▸ **EXERCISE**
Below are entries with pictures among them; reproduce exactly, and only, the lines from the one containing "Bluzka damska Medicine, rozmiar" down to the one containing "The Hero and", without the pictures.

▸ **THE DATA**

________

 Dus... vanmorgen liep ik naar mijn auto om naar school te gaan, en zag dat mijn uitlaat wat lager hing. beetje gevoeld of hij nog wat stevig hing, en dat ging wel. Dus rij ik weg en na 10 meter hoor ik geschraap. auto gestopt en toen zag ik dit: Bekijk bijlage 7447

________

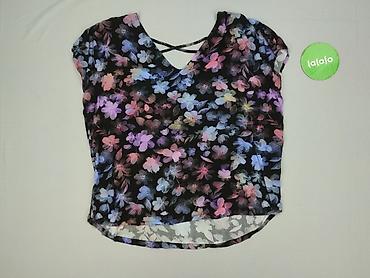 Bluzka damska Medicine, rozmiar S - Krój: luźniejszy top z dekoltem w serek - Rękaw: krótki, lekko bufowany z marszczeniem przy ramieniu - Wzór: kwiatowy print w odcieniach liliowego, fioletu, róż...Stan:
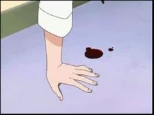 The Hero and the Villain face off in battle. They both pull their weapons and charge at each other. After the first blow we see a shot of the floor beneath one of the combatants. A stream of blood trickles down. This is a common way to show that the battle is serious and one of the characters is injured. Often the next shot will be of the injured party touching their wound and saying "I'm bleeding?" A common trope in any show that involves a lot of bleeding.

________

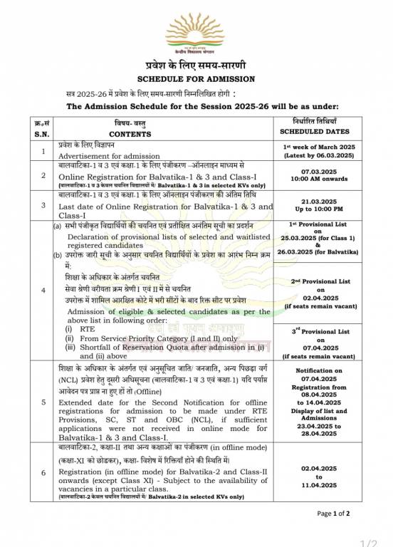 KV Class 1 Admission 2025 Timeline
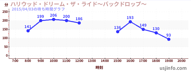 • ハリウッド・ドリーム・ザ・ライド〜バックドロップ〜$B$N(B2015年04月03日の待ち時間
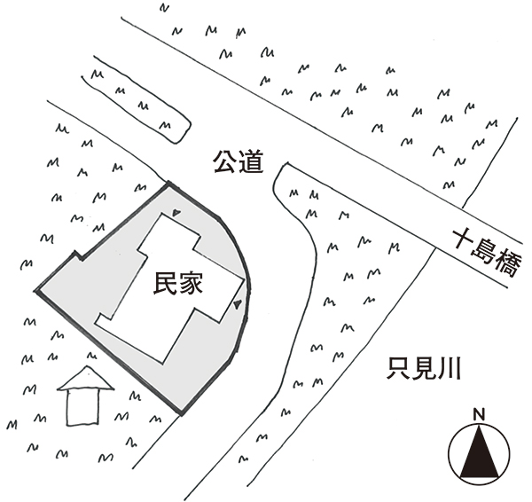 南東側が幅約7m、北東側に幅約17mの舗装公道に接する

________

▸ **WORKED SOLUTION**
 Bluzka damska Medicine, rozmiar S - Krój: luźniejszy top z dekoltem w serek - Rękaw: krótki, lekko bufowany z marszczeniem przy ramieniu - Wzór: kwiatowy print w odcieniach liliowego, fioletu, róż...Stan:
 The Hero and the Villain face off in battle. They both pull their weapons and charge at each other. After the first blow we see a shot of the floor beneath one of the combatants. A stream of blood trickles down. This is a common way to show that the battle is serious and one of the characters is injured. Often the next shot will be of the injured party touching their wound and saying "I'm bleeding?" A common trope in any show that involves a lot of bleeding.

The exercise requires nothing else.